_Supplied data:_
----
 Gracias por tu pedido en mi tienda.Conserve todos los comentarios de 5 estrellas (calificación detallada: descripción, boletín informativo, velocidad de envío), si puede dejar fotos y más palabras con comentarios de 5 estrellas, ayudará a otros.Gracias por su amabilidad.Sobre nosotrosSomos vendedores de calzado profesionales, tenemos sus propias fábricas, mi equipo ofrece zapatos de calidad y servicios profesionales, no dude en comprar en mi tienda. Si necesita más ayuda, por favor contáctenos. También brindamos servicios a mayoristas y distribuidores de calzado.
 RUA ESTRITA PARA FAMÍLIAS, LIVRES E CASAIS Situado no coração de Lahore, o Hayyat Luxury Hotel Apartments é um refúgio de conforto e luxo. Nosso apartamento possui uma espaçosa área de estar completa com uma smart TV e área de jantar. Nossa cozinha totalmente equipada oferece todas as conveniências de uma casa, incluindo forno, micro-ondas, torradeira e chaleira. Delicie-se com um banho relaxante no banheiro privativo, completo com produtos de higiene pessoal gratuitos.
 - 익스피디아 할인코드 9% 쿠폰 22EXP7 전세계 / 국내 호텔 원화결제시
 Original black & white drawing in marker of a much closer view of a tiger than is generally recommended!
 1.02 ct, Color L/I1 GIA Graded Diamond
----
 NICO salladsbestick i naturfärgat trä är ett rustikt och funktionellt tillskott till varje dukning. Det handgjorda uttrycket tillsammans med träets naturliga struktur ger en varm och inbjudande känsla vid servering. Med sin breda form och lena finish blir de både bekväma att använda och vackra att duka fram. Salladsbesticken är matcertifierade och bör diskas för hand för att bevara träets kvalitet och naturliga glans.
----
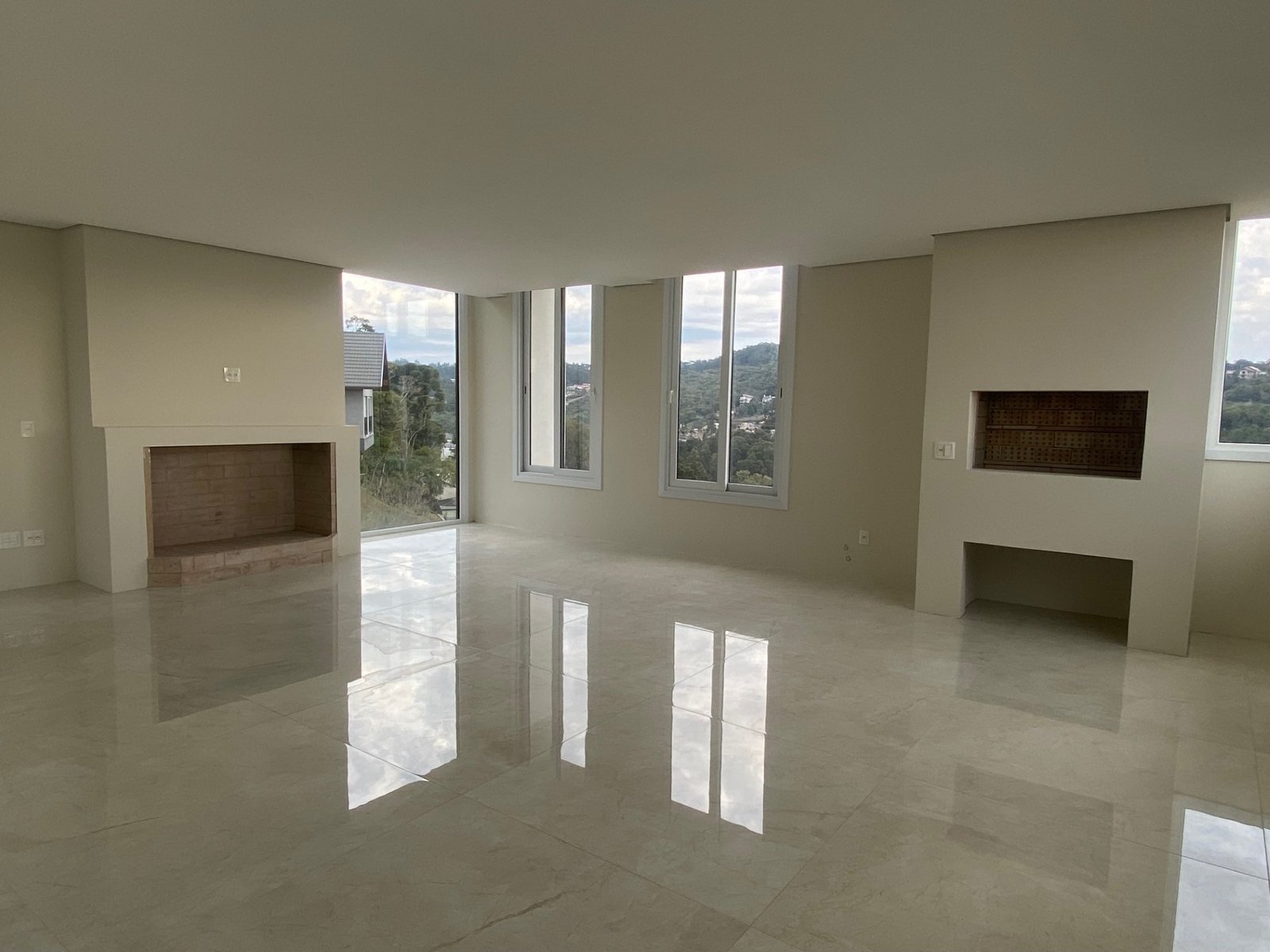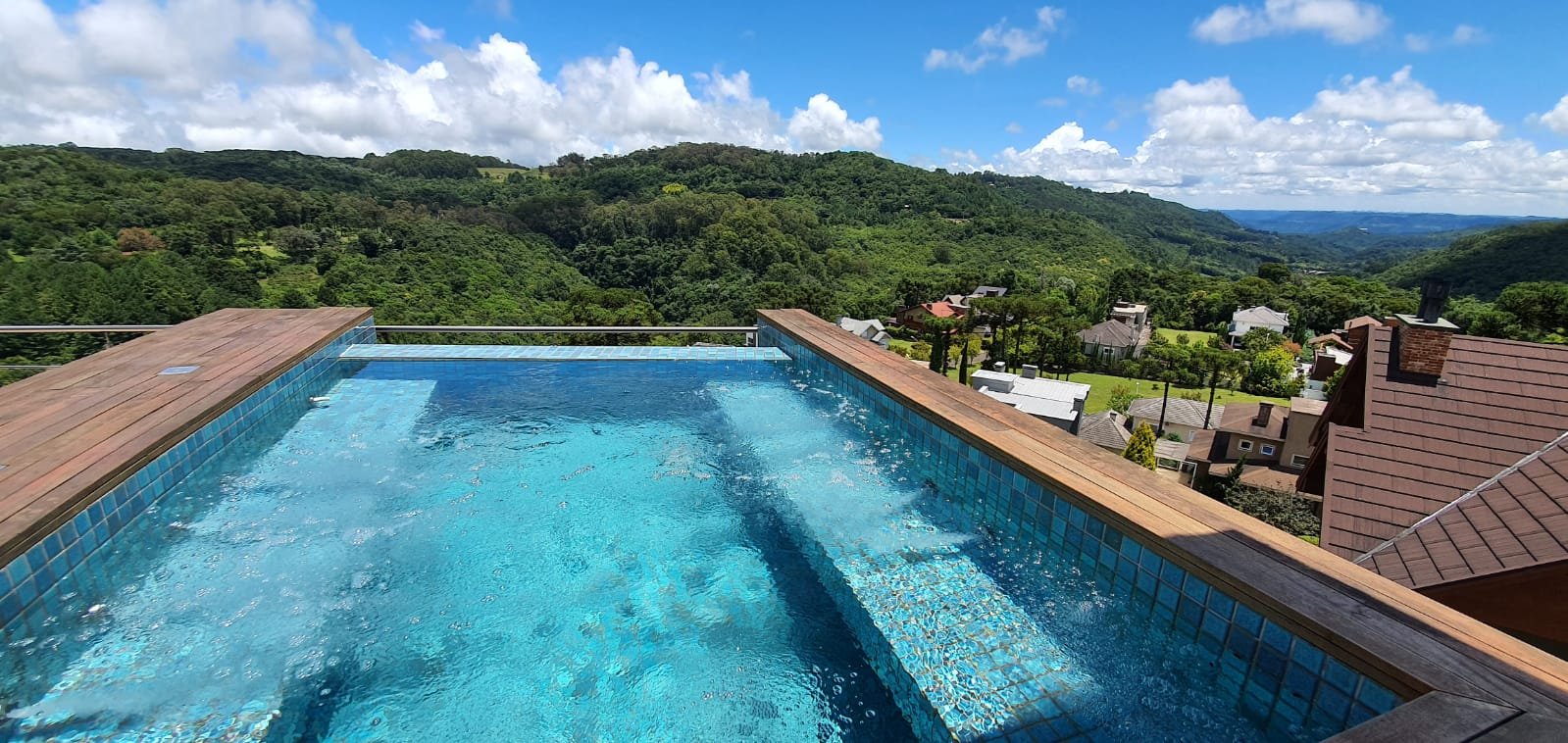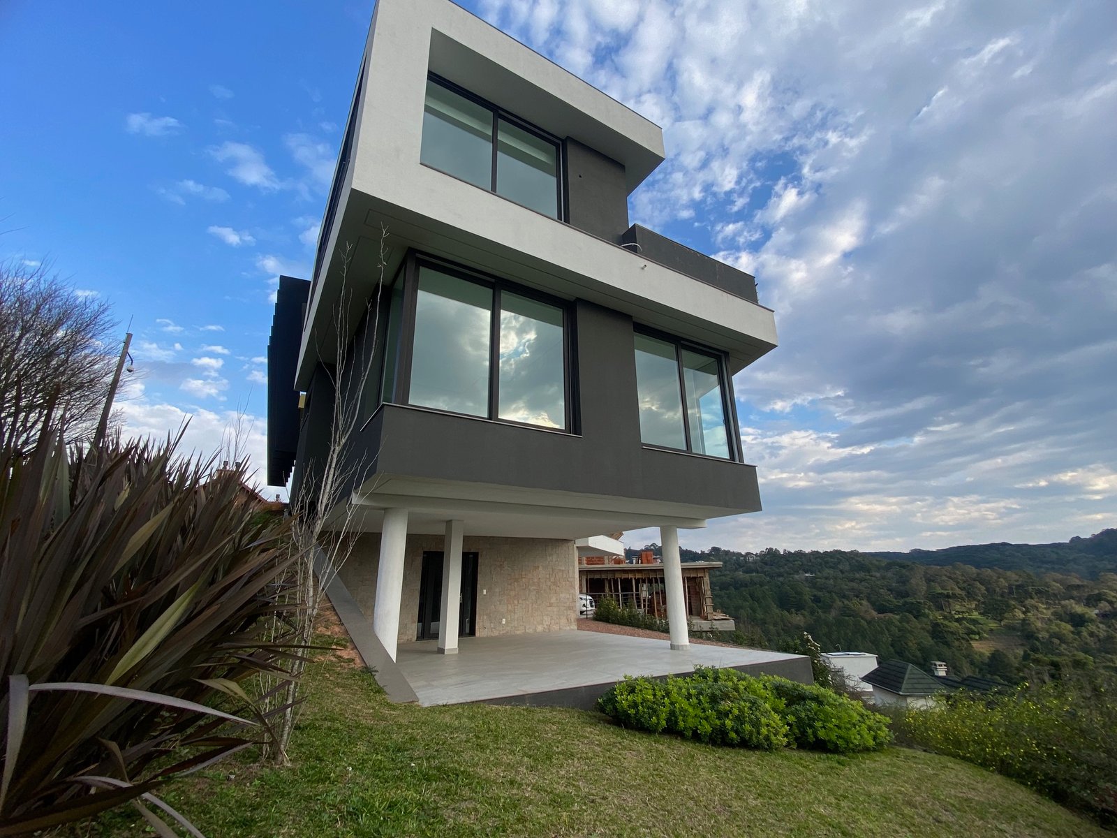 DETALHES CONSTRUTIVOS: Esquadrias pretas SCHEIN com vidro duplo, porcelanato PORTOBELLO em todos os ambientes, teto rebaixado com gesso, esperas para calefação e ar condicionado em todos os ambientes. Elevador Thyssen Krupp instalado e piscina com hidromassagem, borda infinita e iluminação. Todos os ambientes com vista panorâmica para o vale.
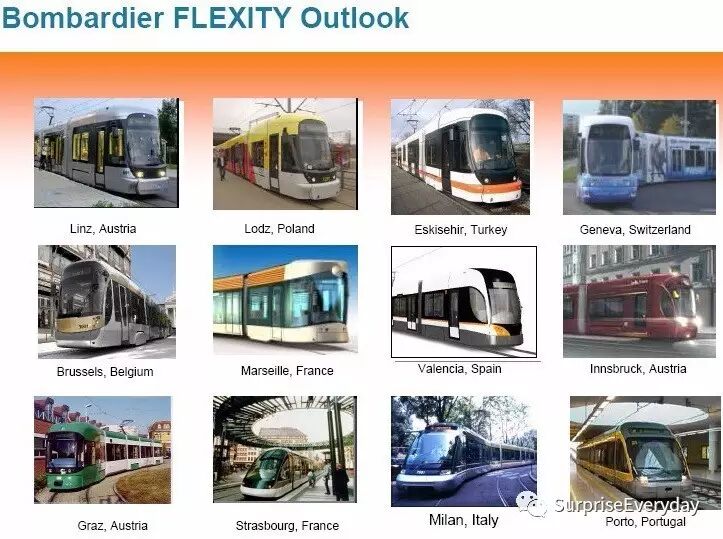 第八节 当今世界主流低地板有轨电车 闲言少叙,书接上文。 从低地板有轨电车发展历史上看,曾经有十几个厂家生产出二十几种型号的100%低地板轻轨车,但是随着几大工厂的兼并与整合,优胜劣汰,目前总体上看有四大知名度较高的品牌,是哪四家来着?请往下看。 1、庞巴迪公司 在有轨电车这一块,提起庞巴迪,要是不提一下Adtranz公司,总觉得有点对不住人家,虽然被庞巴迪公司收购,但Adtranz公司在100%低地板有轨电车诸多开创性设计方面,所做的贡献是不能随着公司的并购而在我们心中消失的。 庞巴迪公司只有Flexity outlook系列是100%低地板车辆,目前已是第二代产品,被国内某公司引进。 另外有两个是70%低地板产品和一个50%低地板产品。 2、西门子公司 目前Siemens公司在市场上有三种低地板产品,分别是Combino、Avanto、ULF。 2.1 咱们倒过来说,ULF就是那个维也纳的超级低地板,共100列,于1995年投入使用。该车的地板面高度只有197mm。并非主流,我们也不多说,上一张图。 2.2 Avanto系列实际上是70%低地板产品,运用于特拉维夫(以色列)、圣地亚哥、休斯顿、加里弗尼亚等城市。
----
In the listing above, find the line with "Original black &" and the line with "1.02 ct, Color L/I1 GIA Graded Diamond", then reproduce both and every line between them exactly.

 Original black & white drawing in marker of a much closer view of a tiger than is generally recommended!
 1.02 ct, Color L/I1 GIA Graded Diamond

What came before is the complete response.